“叶小姐!”先前拦阻张天佑的保安抢先说道,“没什么大事,就是一个不知道从哪里来的小子,拿着个破红帖子,非说是来找叶家的,我们正要把他赶走呢!惊扰到您了,实在抱歉!”
叶芯的目光再次落在张天佑身上,那审视的眼神,比保安更加锐利,带着一种居高临下的压迫感。“找叶家?找我?”她红唇微启,语气带着刺骨的嘲讽,“就凭你?和你手里那个……不知道从哪个垃圾堆里捡来的玩意儿?”
张天佑迎着她的目光,眼神平静无波。他自然认出了这就是婚书上的女子,叶芯。她的美丽毋庸置疑,但那份刻在骨子里的高傲和冷漠,也同样鲜明。
“叶小姐?”他确认道。
“是我。”叶芯下巴微抬,如同高傲的孔雀,“我不管你是谁派来的,或者有什么目的。现在,立刻,拿着你的东西,从我眼前消失。云顶山庄,不是你应该来的地方。叶家,更不是你这种身份的人能够攀附的!”
她的话语,比保安的驱赶更加直接,更加伤人。那是一种源自阶级和财富的、根深蒂固的蔑视。
张天佑看着手中那封因为翻看而边缘略有磨损的婚书,再听到叶芯将其称为“垃圾堆里捡来的玩意儿”,心中不禁觉得有些荒谬。师父郑重其事交给他的东西,在别人眼中,竟是如此不堪。
他没有愤怒,反而觉得有些好笑。看来,这退婚之路,从一开始就充满了……戏剧性。
他正欲开口,表明自己来意就是退婚,并非攀附。
然而,叶芯显然已经失去了耐心。她见张天佑不仅没有立刻离开,反而似乎还想说什么,心中厌烦更甚。她最讨厌这种没有自知之明、死缠烂打的人。
“保安!”她不再看张天佑,对着两名保安冷声吩咐,“我不想再看到这个人出现在山庄附近。处理干净点。”

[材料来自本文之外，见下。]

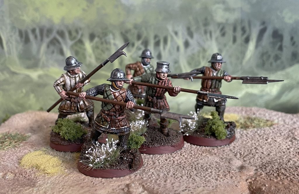 Adding water effects to a base can vary from the simplest bit of gloss varnish through beautifully gross mud all the way to complicated resin pours. I hate working with two-part epoxy resin for water effects - it's sticky, it runs everywhere and it can do all sorts of things to paint and basing with the heat of the reaction. Instead, I use gloss varnish - and lots of it. I'm on my third or fourth bottle of Warpaints Air Gloss Varnish, which comes in a nice fat bottle at a good consistency for a good price. There's a couple of ways I use it for basing.The first is very simple. Drop varnish over textures you'd like to look muddy. The more the merrier here, I drop it on until a base is swimming and then wait for it to dry. It'll add a fantastic glossy finish to basing materials that makes them look waterlogged. Over sand painted with any number of browns it will transform a dry basing material into mud. I've added a light coat to the bases of these Medieval Sergeants to create a nice, very budget, muddy look: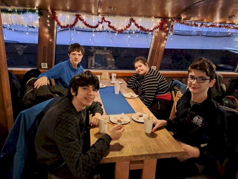 Je již mnoholetou tradicí, že se v době adventní vyráží v Noně na cestu do Prahy. Tentokrát byla na programu exkurze Pražského hradu. Prošli jsme nejznámější stavby rozsáhlého hradu a osmělili se k předání malého dárku pro pana prezidenta. Zakončení bylo ve Zlaté uličce, a pak už hezkou procházkou po náplavce k parníku. Tradiční plavba byla tentokrát ozvláštněna již soumrakem, rozscícenou Prahou a adventně naladěným parníkem. Nechybělo cukroví a horká čokoláda. A potom už nazpět do školy. Maminky tentokrát na svoje dětičky nečekaly, přespávalo se totiž ve škole. Tak zase za rok!

说完,她升上车窗,红色的跑车发出一声低吼,毫不留恋地驶入了云顶山庄深处,留下淡淡的尾气和一片冰冷的空气。
两名保安得了叶芯的明确指令,腰杆顿时挺得更直了,转向张天佑的眼神也变得更加凶狠和不善。
“听到没有?叶小姐亲自发话了!赶紧滚!”
“小子,识相点自己走,别逼我们动手!到时候伤着碰着,可别怪我们!”
两人摩拳擦掌,一步步逼近,试图用气势将张天佑吓退。
张天佑看着叶芯消失的方向,又看了看眼前两名咄咄逼人的保安,心中一片澄明。看来,今天这婚,是暂时退不成了。而且,似乎还被彻底当成了居心叵测之徒。
他无意与两名保安冲突,那毫无意义。
面对逼近的保安,他神色不变,只是淡淡地看了他们一眼。那眼神平静,却深邃得让两名保安没来由地心中一凛,逼近的脚步不自觉地顿了一下。
就在这瞬间,张天佑动了。他没有后退,也没有前冲,只是看似随意地向旁边迈出一步,恰好从两名保安形成的夹缝中穿了过去,动作流畅自然,仿佛只是巧合。
两名保安只觉得眼前一花,目标就已经脱离了他们的包围圈,出现在了侧后方。
张天佑没有停留,甚至没有再看那气势恢宏的云顶山庄大门一眼,转身,沿着来时的路,不疾不徐地离去。蓝色的道袍背影在渐浓的夜色中,依旧挺直,带着一种难以言喻的孤高与落寞。
两名保安面面相觑,都从对方眼中看到了一丝惊疑。刚才……是怎么回事?那小子怎么过去的?
“妈的,邪门!”一个保安啐了一口,看着张天佑远去的背影,终究没有再追上去。毕竟对方已经“离开”了山庄范围,他们的职责也算完成了。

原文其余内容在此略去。